Where the IRS comes out on requiring statements for returns filed to claim portability may change the decision about whether to use portability at all, Elizabeth Glasgow, counsel with Venable LLP, told Bloomberg BNA Sept. 24.
“It really can cause the cost of filing the estate tax return to be quite a bit higher, and filing estate tax returns is already expensive,” she said. “It may deter people from filing a return who would otherwise take advantage of portability.”
Glasgow said another problem is that the law provided no de minimis exception related to which assets are to be excluded.
It obviously isn't intended that every knick-knack in a home is meant to be covered, Glasgow said, but the law doesn't spell that out. Therefore, it puts an obligation on the executor to determine the value for assets on which a formal evaluation wouldn't historically have been done.
My Basis Versus Your Basis
The provision was brought about because of a disparity between what was being reported on estate tax returns and what beneficiaries were reporting on their income tax returns.
Under prior law, an estate tax return could report the fair market value of property at one amount—say $1 million for a home—at the time of the decedent's death; but the beneficiary who received the property could claim that the fair market value of the property at the decedent's death was higher—say $1.2 million for the same home.
“Since the fair market value at the decedent's date of death determines the income tax basis of the property for the beneficiary, if the beneficiary were to sell the inherited home for $1.2 million, the calculation of the beneficiary's capital gain on the sale would be substantially impacted by which income tax basis was used to report the sale,” Glasgow said.

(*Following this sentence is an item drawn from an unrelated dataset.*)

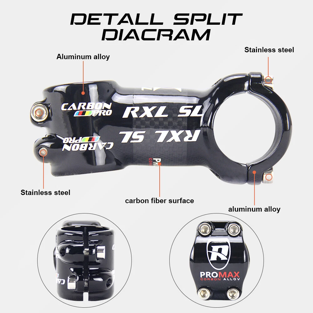 You may also like Carbon+Soft Leather Gel Racing Bike Saddle MTB Front Seat Mat 280*145mm RXL SL 34.99 USD Free shipping MTB Carbon Seat Post 25.4/27.2/30.8/31.6 Offset 25mm Road Bike Seatpost RXL SL 27.99 USD Free shipping 1-1/8" Racing Bike Carbon Integrated Handlebar Inner Drop Bar For Bicycle 63.99 USD Free shipping Carbon Mtb Stem 6/17 Degree Mountain Bike Stem 28.6-31.8mm Road Bicycle Stems 26.99 USD Free shipping Carbon Fiber Pickleball Racket 16mm Thickness Lightweight Pickleball Paddles Set 56.99 USD Free shipping 1-1/8" Integrated Carbon Road Bicycle Handlebar 3K Matte Drop Racing Handle Bar 55.99 USD Free shipping MTB Carbon Riser Handlebar 31.8*720/740/760mm Mountain Bike One-shaped Handlebar 23.99 USD Free shipping 31.8 Carbon Road Bicycle Rest TT Triathlon Handlebar 30°Racing Aero Bar 360mm 59.99 USD Free shipping RXL SL 1-1/8"Carbon MTB Integrated Handlebar Swallow Shape Design Riser Bar 35.99 USD Free shipping Carbon MTB Handlebar 31.8mm Mountain Bike Flat/Riser Bar 680/700/720/740mm 15.99 USD Free shipping 【Durable road bike stem】Material: Carbon Fiber + Aluminum Alloy; Appearance: 3K Glossy/3K Matte; Weight: Approx. 120~170g; The bicycle stem is made of aluminum alloy and carbon fiber. It has passed the long-term strength test and is durable and guaranteed for the long term; fork diameter: 28.6 mm (1-1/8"), handlebar diameter: 31.8 mm, angle: 6 degrees. 【Multiple sizes available】MTB stem length: 60/70/80/90/100/110/120mm, according to your own body shape characteristics, riding habits and matching to your own bike. Choose the right stem size, reduce pain in hands and wrists .Reduce back strain. 【Advantages of different lengths】bicycle stem of different lengths: stem length<90mm, easy to control and faster to control; stem length>90mm, better stability, more suitable for high-speed riding. 【Easy to Install】Connect the original bicycle fork, the four-screw rod clamp holds the rod firmly in position. Install the product correctly. Please follow the specified tightening torque (4Nm). Recommend using a hex wrench to tighten the screw. 【Installation Tips】When assembling, please confirm that the handlebar diameter is 31.8mm. The center width needs to be confirmed to properly lock the product and install it manually with a hex wrench; make sure the diameter of the front fork is that of the stem corresponds and that the size for; when installing, you can also apply carbon fiber mounting paste to the bike handlebar to ensure a tight fit.

That could mean a loss of income for the government, which was already having trouble tracking the differences between estate tax returns and beneficiary income tax returns.
New Computer System
At a recent tax conference, Catherine Hughes, Treasury Department estate and gift tax attorney-adviser, offered no clues as to where the IRS might be going on the question of whether portability returns would fall under the new reporting regime. However, she did say administering the new reporting will be difficult (183 DTR G-1, 9/22/15).
“The IRS currently has no computer system that correlates the estate tax regime with the income tax regime,” Hughes said Sept. 18. “Everything is done by hand. So this is requiring the Service to establish a whole new computer system, which takes times and money they don't have.” She described it as “a big push.”
The immediate effective date of the law was as much of a surprise to the IRS as it is was to estates, Hughes said.
The statements are required to be filed no later than the earlier of 30 days after the due date of the estate tax return, or 30 days after the return has actually been filed. That means that the first statements would have been due Aug. 30, she said.
Notice 2015-57 was designed to push the due dates back for any statements that would have been due by Feb. 29, 2016. Those statements won't be due until Feb. 29, 2016. Don't file early, Hughes said, until draft forms and instructions are out. That isn't expected until the first or second week of January.
However, the proposed rules probably won't be out by then, so she said the forms may not answer everyone's questions.